SOURCE MATERIAL:
--------------------------------

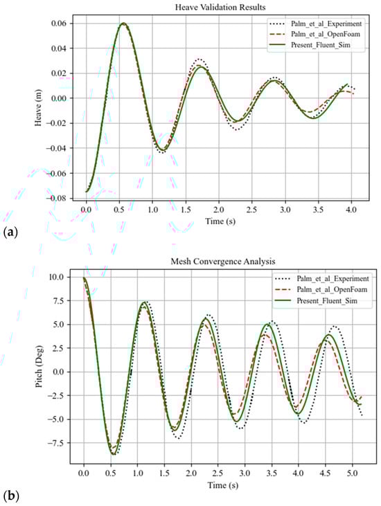 The present Fluent CFD validation results are shown in Figure 7a (heave) and Figure 7b (pitch), where they are directly compared to experimental and the OpenFOAM-based numerical results of Palm et al. [36]. Overall, there is good agreement of the present Fluent results with both experimental data and OpenFOAM-based reference simulations, which confirms the validity of the numerical methodology employed in this study. The heave response demonstrates close agreement with both reference datasets. As for pitch motion in Figure 7b, a slight deviation is observed between the experimental and numerical predictions, and this is consistent with the findings of Palm et al. [36], who attributed such discrepancies to small-scale experimental limitations, such as measurement uncertainties in draft and center of gravity positioning. Additional deviation between the Ansys Fluent and OpenFOAM results may stem from variations in numerical implementation schemes, such as pressure–velocity coupling, discretization order, and turbulence modelling strategies. Although both studies employed the k–ε turbulence model, their numerical implementation approaches differ. These solver-specific differences can influence transient decay predictions, particularly in pitch-dominated motions where damping is sensitive to overset mesh interactions and added mass representation.
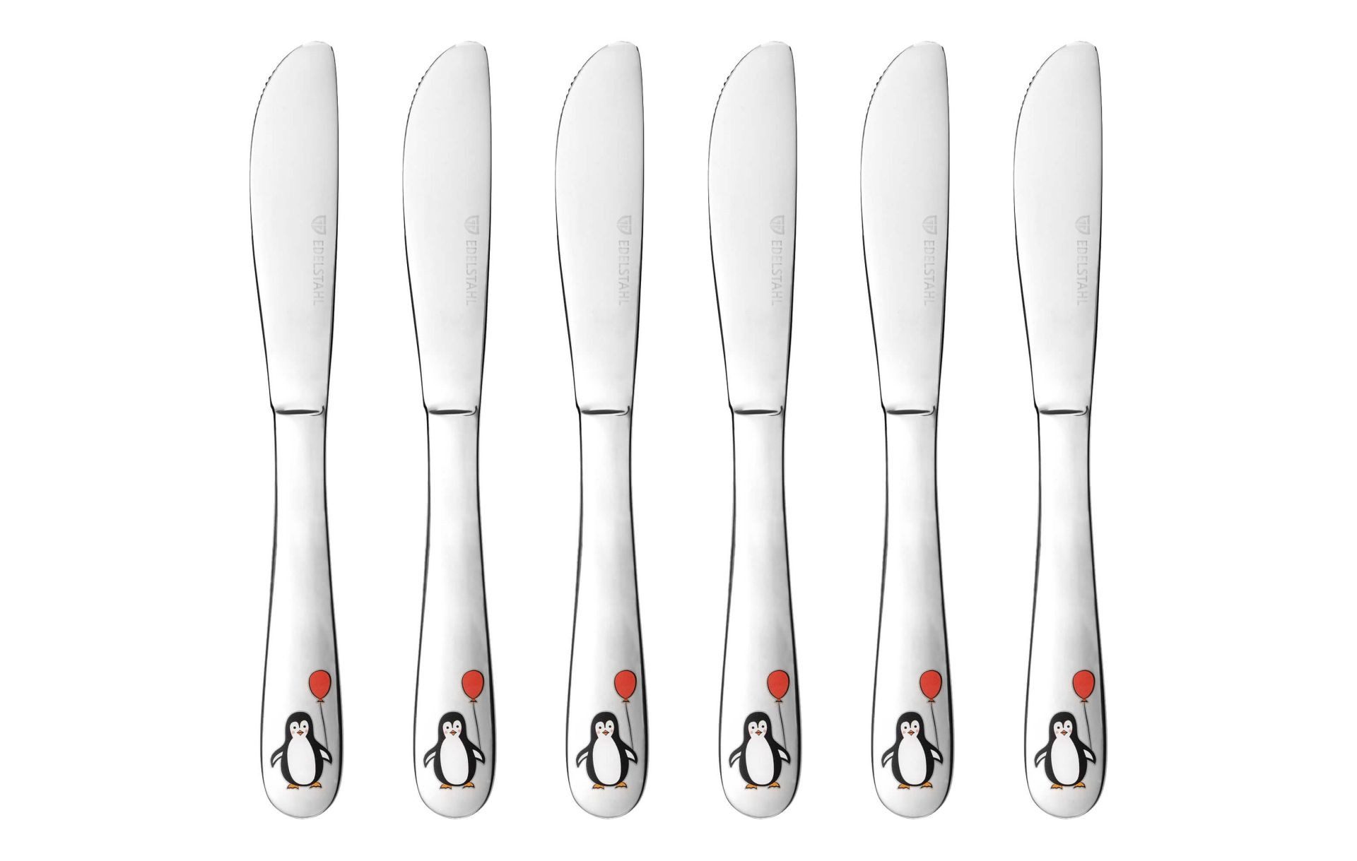 Kindgerechtes Design: Die Messer sind speziell für kleine Hände entwickelt. Mit abgerundeten, breiten Klingen bieten sie höchste Sicherheit und erleichtern den Umgang mit Besteck – ideal für erste selbstständige Essversuche.
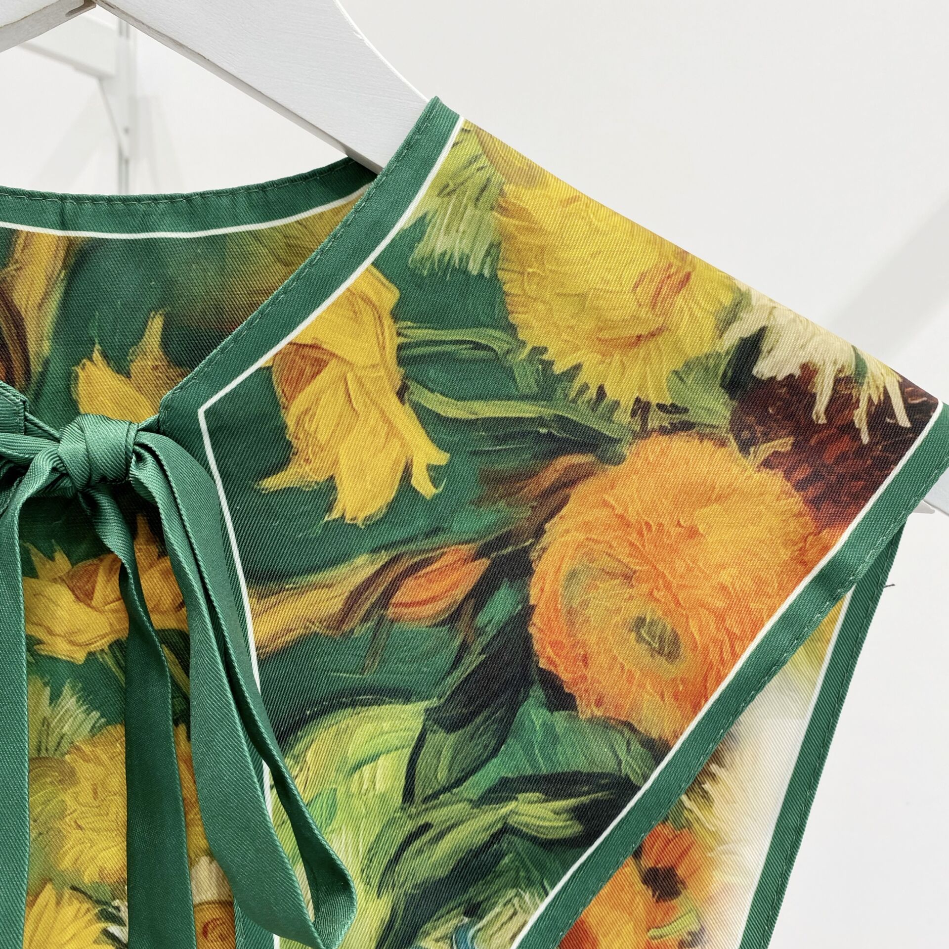 Yeşil Ayçiçeği Desenli Muse Yaka
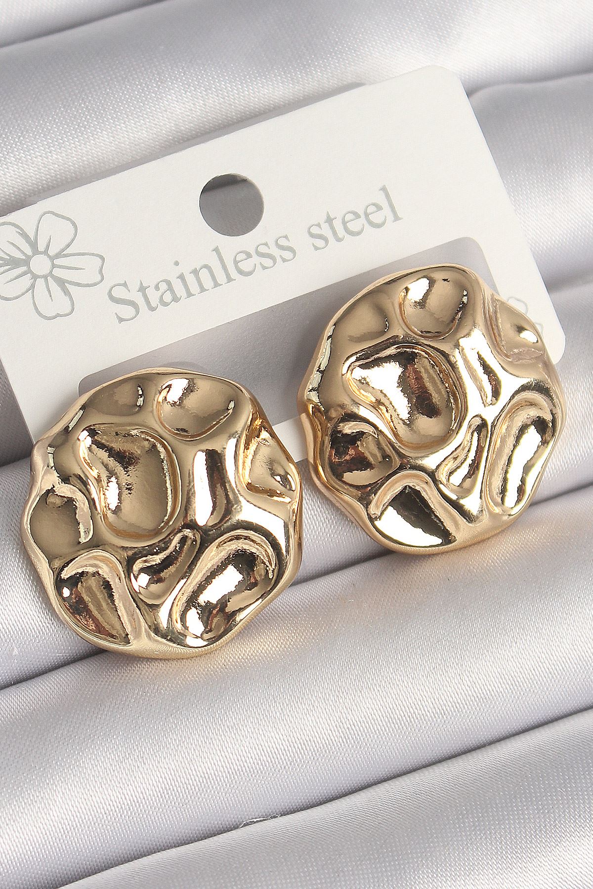 Pirinç Gold Renk İşlemeli Daire Plaka Model Kadın Küpe - TJ-BKP10243

--------------------------------

EXERCISE OBJECTIVE: Once you have returned the line containing "Yeşil Ayçiçeği Desenli Muse Yaka", stop; begin at the first line of the material, keep each line exact, and skip the pictures.

ANSWER TO THIS PROBLEM:
 The present Fluent CFD validation results are shown in Figure 7a (heave) and Figure 7b (pitch), where they are directly compared to experimental and the OpenFOAM-based numerical results of Palm et al. [36]. Overall, there is good agreement of the present Fluent results with both experimental data and OpenFOAM-based reference simulations, which confirms the validity of the numerical methodology employed in this study. The heave response demonstrates close agreement with both reference datasets. As for pitch motion in Figure 7b, a slight deviation is observed between the experimental and numerical predictions, and this is consistent with the findings of Palm et al. [36], who attributed such discrepancies to small-scale experimental limitations, such as measurement uncertainties in draft and center of gravity positioning. Additional deviation between the Ansys Fluent and OpenFOAM results may stem from variations in numerical implementation schemes, such as pressure–velocity coupling, discretization order, and turbulence modelling strategies. Although both studies employed the k–ε turbulence model, their numerical implementation approaches differ. These solver-specific differences can influence transient decay predictions, particularly in pitch-dominated motions where damping is sensitive to overset mesh interactions and added mass representation.
 Kindgerechtes Design: Die Messer sind speziell für kleine Hände entwickelt. Mit abgerundeten, breiten Klingen bieten sie höchste Sicherheit und erleichtern den Umgang mit Besteck – ideal für erste selbstständige Essversuche.
 Yeşil Ayçiçeği Desenli Muse Yaka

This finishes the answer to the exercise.